Challenges
1. Adapting Existing Methodology for the United States
Before entering the U.S. market, we developed Robo Advisors for Southeast Asia, featuring a goal calculator, presented in an interactive lifestyle questionnaire. This well-received feature
enables investors to receive personalized investment recommendations that align with investors' goals based on their responses.
What didn't work

Option 1: Use lifestyle questions to help users calculate their retirement income.
When we presented this methodology to the U.S. client, they noted it tended to produce generalised recommendations. It lacks accuracy when applied in large countries like the U.S., with 50 states, and significant disparities in living costs between affluent and less affluent regions.

Option 2: Ask users to define their desired retirement income.

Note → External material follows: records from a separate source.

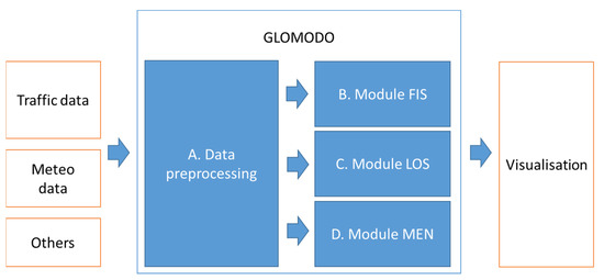 Project GLOMODO consists of several modules whose aim is to give a road operator or a city manager better understanding of the traffic situation. As depicted in Figure 3, apart from data preprocessing aiming mainly on identification and correction of missing data and outliers, there are three modules: Module FIS computing the cost of congestions; Module LOS providing a level of service indication based on so-called speed index [13]; and Module MEN aiming on identification normal behavior of traffic flow and warning the operators in case of any non-standard traffic patterns.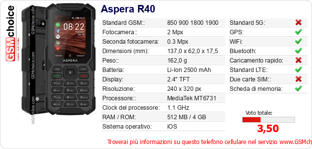 Dati del telefono cellulare Aspera R40 sul tuo sito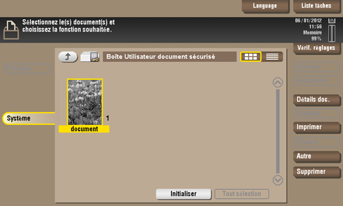 Lorsque vous imprimez un document depuis le PC ou lorsque vous sélectionnez la fonction Impression sécurisée via le pilote d'imprimante, ce fichier de données est archivé dans la boîte Document sécurisé. Une fois que vous avez ouvert la boîte utilisateur, vous pouvez sélectionner un fichier archivé dans la boîte utilisateur et afficher un aperçu, l'imprimer, le renommer ou le supprimer.
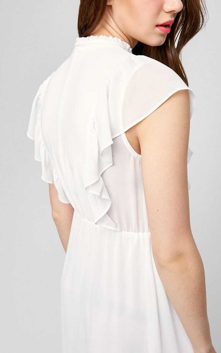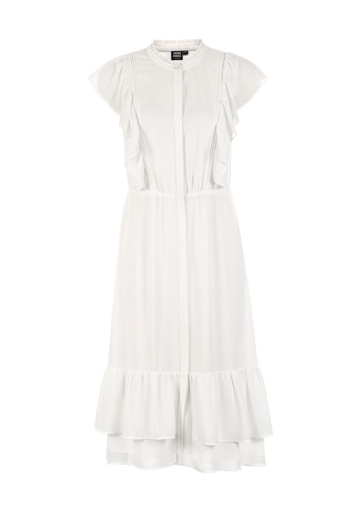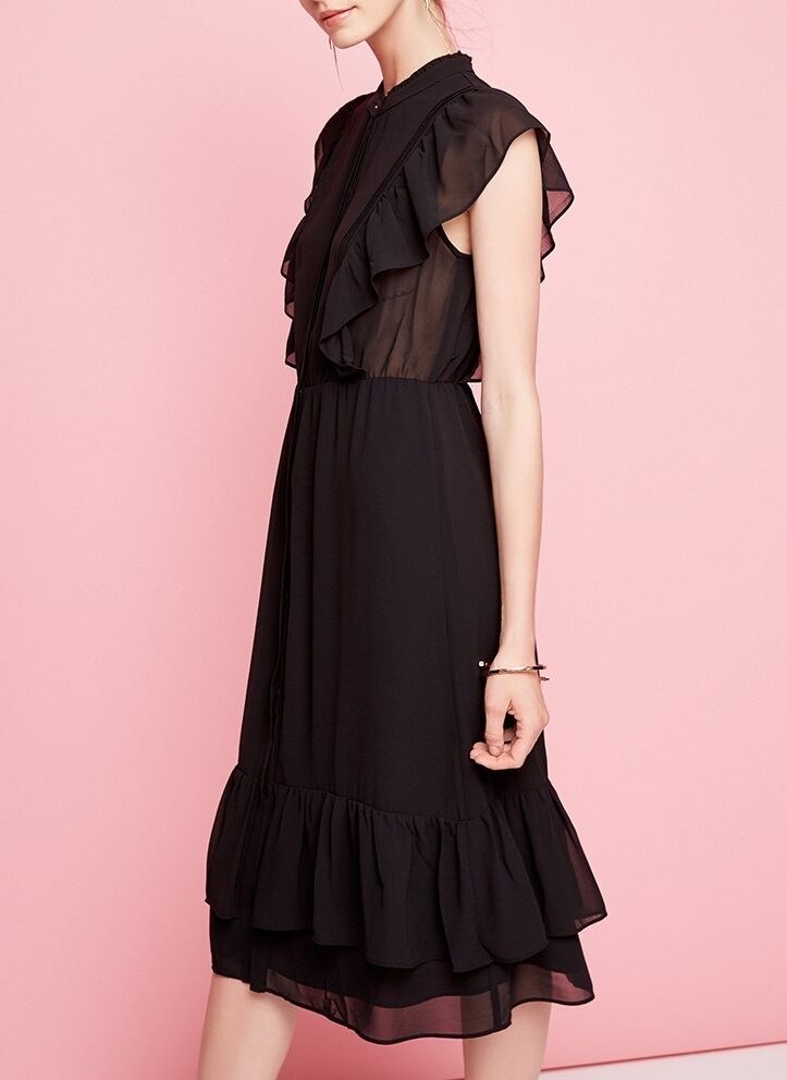 「破格」 ワンピース ノースリーブ フリル フラウンス ミモレ丈 黒 白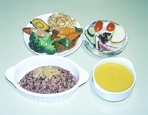 Chen emphasizes, however, that E2 is not strictly an organic food restaurant. Along with the organic rice and grains and vegetables are nine types of coffee and 10 types of herbal teas. For those who like a light and fragrant meal, try the cereal rice and vegetables Set. The rice bowl is furnished with a combination of mixed grains and different kinds of rice such as black sticky rice (黑糯米). Those who just can't do without the taste of meat should try the fish steak in Japanese style. The meat imitations are made from tofu and taste wonderful and don't have the fat. For extra pep, try the "miracle energy soup," a staple of most organic restaurants. It's a bit bitter, but is extremely healthy, and purports to restore one's energy. Chen says it is made of various kinds of fibers from vegetables, fruits and nuts. He also recommends finishing the drink within 15 minutes to maintain the freshness of the juice.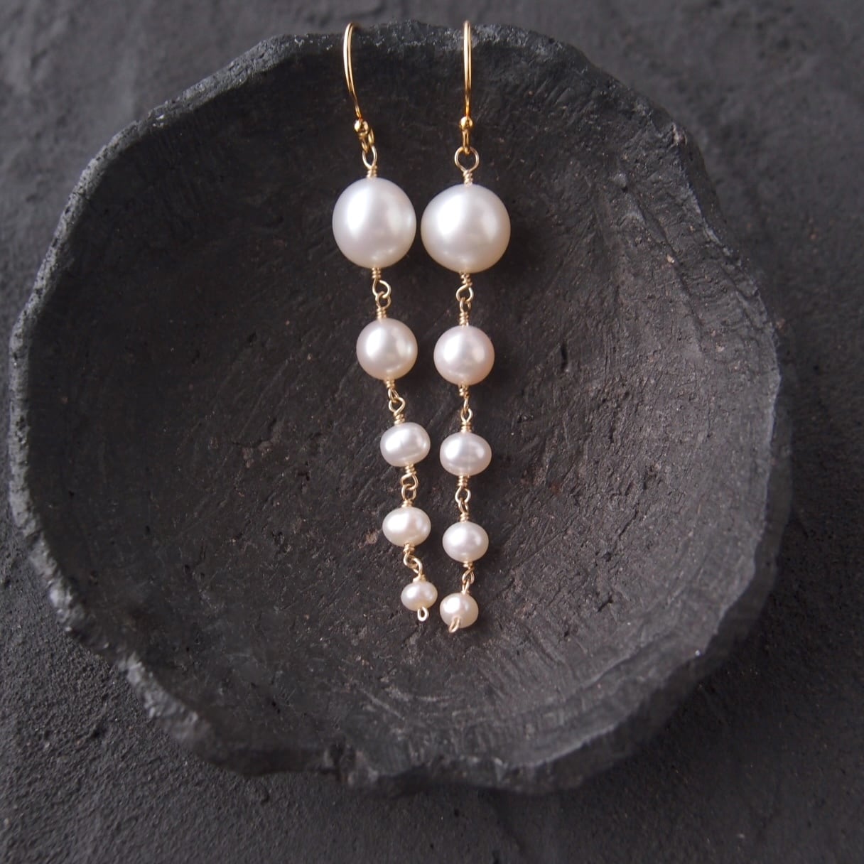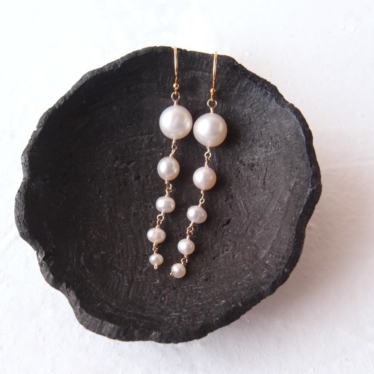 【K14gf】Graduated Pearl Earrings/グラデーションパールピアス
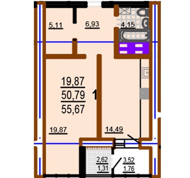 Загальна площа: 56 кв.м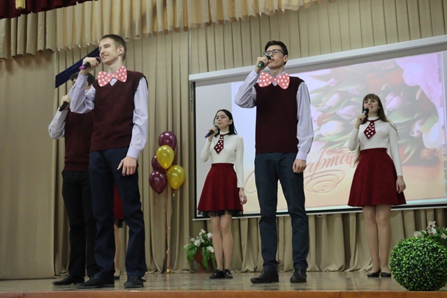 Студенческий Совет вместе с вокальным ансамблем «Полет», хореографической студией «Ритм» и агитбригадой «Надежда» подготовили праздничные поздравления. Творческие номера были торжественными, весёлыми и музыкальными. Вокальные номера перекликались с хореографическими, и каждый из них был настоящим подарком. Всем женщинам и девушкам: преподавателям, сотрудникам и студенткам были посвящены теплые слова поздравления, прозвучавшие из уст представителей сильной половины колледжа. Ведущие торжества: Александр Галкин и Георгий Скитович в течение всего концерта одаривали прекрасную половину колледжа трогательными стихотворными строчками и теплыми поздравлениями. А старосты групп преподнесли всем женщинам букеты цветов. Участники праздничной программы представили зрителям яркие творческие номера: ребята пели, танцевали, декламировали стихи. Зал встречал каждое выступление бурными аплодисментами. Преподаватели и студенты были в восторге от концерта. Это было видно по их глазам и улыбкам на лицах.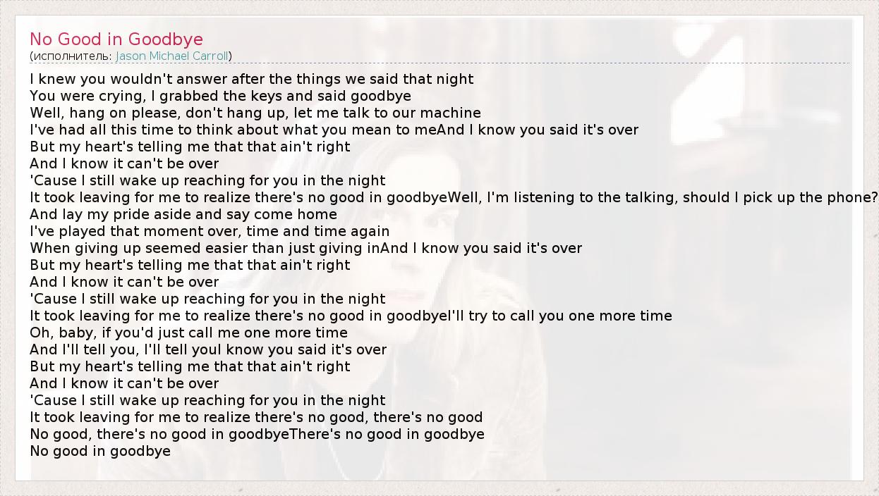 А как ты думаешь, о чем песня "No Good in Goodbye" ?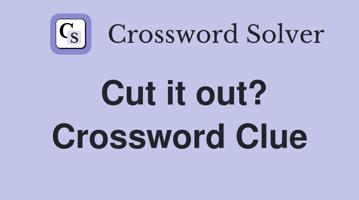 Cut it out? Crossword Clue Answers Crossword Solver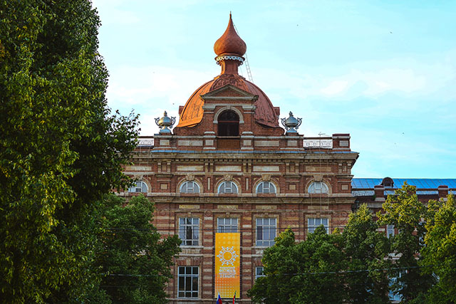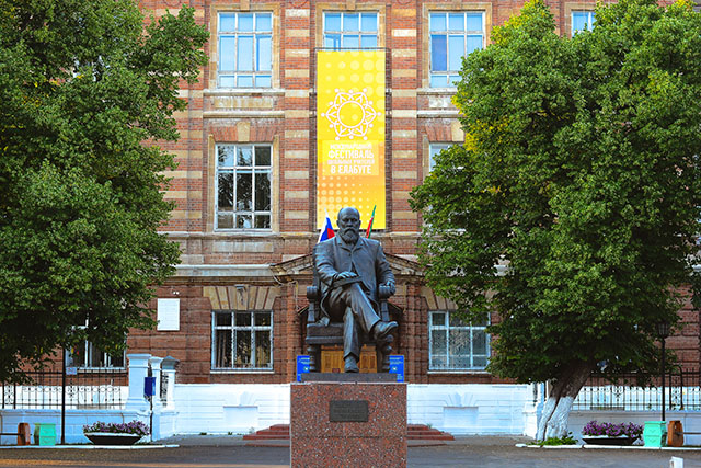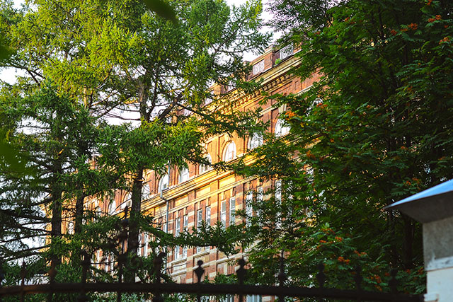 Мы держим путь к последней важной точке нашей поездки – зданию КФУ, в прошлом педагогического университета. Впечатляющее здание из красного кирпича прячется за изогнутым забором, который его украшает. Прячется за зеленью деревьев, которые отражаются и мелькают в окнах. Прячется за яркий баннер на фасаде, который не несёт в себе хоть сколько-нибудь полезной информации о здании. При беглом взгляде здание напоминает Хогвартс. Увы, внутри, по словам студентов, скучно.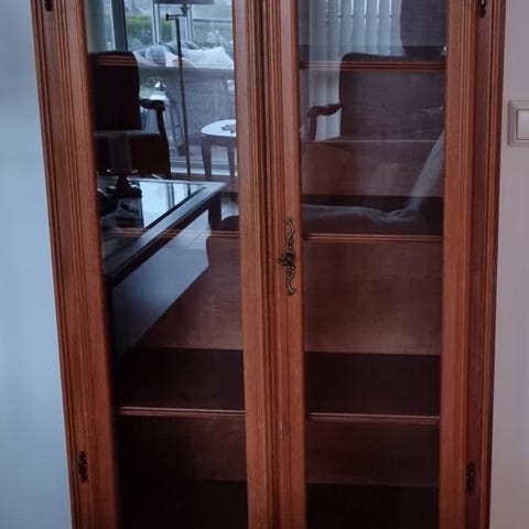 Nye oppbevaringsskap med herdet glass hvite, men med noen merker i glass
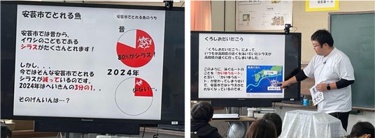 授業では、実際に大学で養殖されているブリの稚魚「モジャコ」を教室に持ち込み、子どもたちに公開。活きた魚を間近で観察することで、研究者が行う「育てる漁業」の技術と、持続可能な食糧確保の重要性を学びました。

To enhance precision, we defined key expense categories in the U.S. and provided detailed breakdowns. This allowed users to set preferred amounts for each category, contributing to their targeted retirement income.
Asking users to define their retirement income contradicts the purpose of the Robo Advisor, which aims to offer tailored recommendations effortlessly. Testing showed prolonged decision-making and high dropout rates, highlighting its impracticality.
How we overcame the challenge
As a white-label solution provider, my team maintains flexibility to adjust the high-level user flow for new markets or clients. However, we must navigate tech constraints while accommodating new requirements to ensure scalability without overhauling our backend structure and APIs.
In response to feedback, I collaborated with the Solution Architect and Data Scientists to develop a comprehensive database of unique expense categories for each U.S. region. I then worked with the product team through multiple iterations to create simple and intuitive interfaces from the raw data, involving extensive reviews and critique sessions with internal stakeholders.
To create a seamless user experience, we utilise onboarding data to recommend preset expense ranges while allowing users to adjust categories based on lifestyle preferences.
2. Gathering Authentic User Feedback
After finalizing the new design, my next challenge is gathering authentic user feedback from native U.S. users. I was limited by strict data privacy regulations that prevented direct outreach to our client's customers.
To address this, I utilised secondary connections through colleagues and friends to recruit participants for usability tests, conducted during early morning or late-night sessions to accommodate time zone differences.